I took a deep breath; I looked at Maggie in her face, with an upset look. I began shaking my head, in disappointment—hating what I did...

"I slept with my ex in the bathroom after we got married..."

Maggie didn't speak for a second, she looked away from me—she looked disappointed...

"Did you tell him?" she asked...

"No," I cried, "I didn't tell him..."

"You should," she admitted, "do it before it's too late, before it gets unbearable to hold inside--before it takes control of you..."

I cried on Maggie's lap, needing someone to lean on, someone that I could cry to and not judge me for a moment.

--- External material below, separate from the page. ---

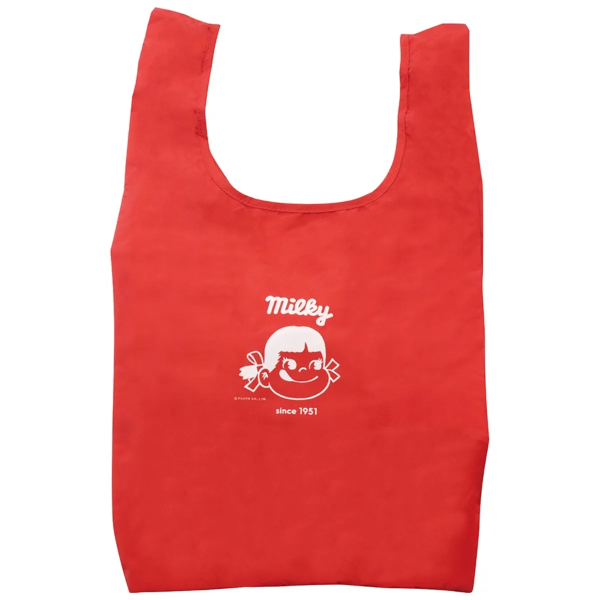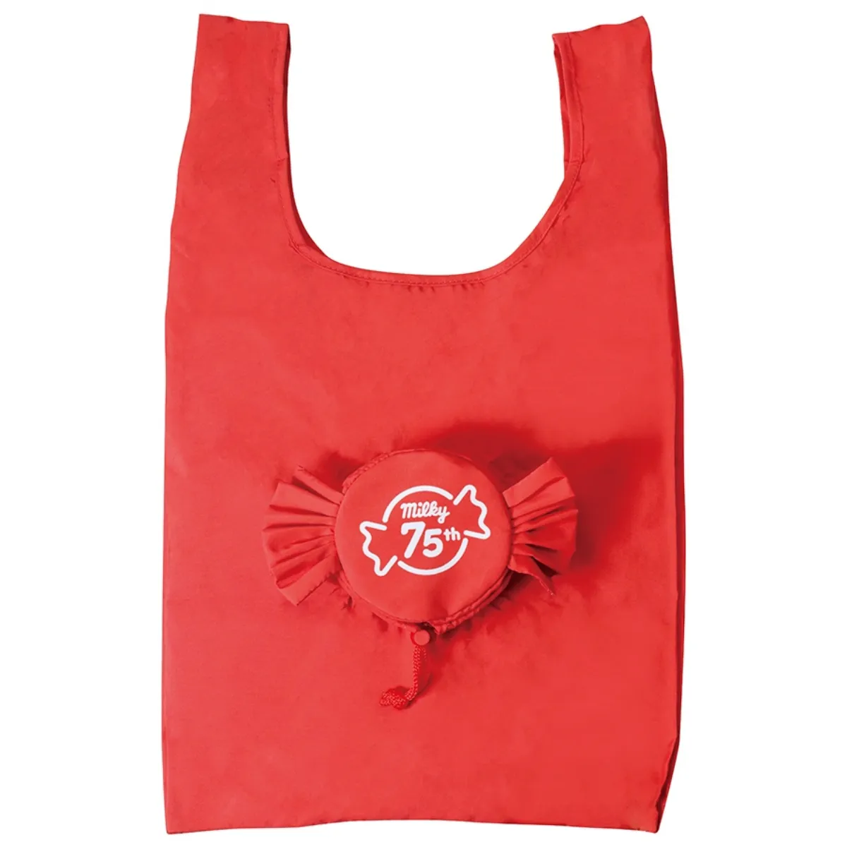 華やかなレッドカラーに、立体的なミルキーモチーフが映える、75thデザインのオリジナルエコバッグ。
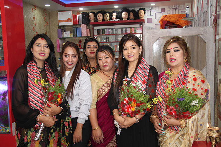 बरिष्ट ब्युटिसियन सोनी र रुस्काद्धारा राधिकाको एस आर ब्युटिपार्लर उद्घाटन

"I can't," I got up from her lap, looking her in her face, "I can't... He would be so heartbroken about what I've done to him. I don't want to do that to him..."

"Okay," she patted me on the back, "here's the deal... I'll write a letter to my dead husband, if you write a letter to your husband about the wrong doings that you did."

"Why are you writing a note?" I questioned her.

"I miss my husband," she said, "I miss him dearly... I want to see him; I want to be with him. If you would've talked to me, you would've known how bad I suffered here. I cried myself to sleep many times and the only people to notice it was my son and my own sister. If it wasn't for them, I don't think I would've made it. But honestly, I don't think I can still make it."

It began with me crying, but it ended with Maggie crying herself. I held on her tightly as she cried on my shoulders, into my clothes, missing and wanting to be with her husband once again as before.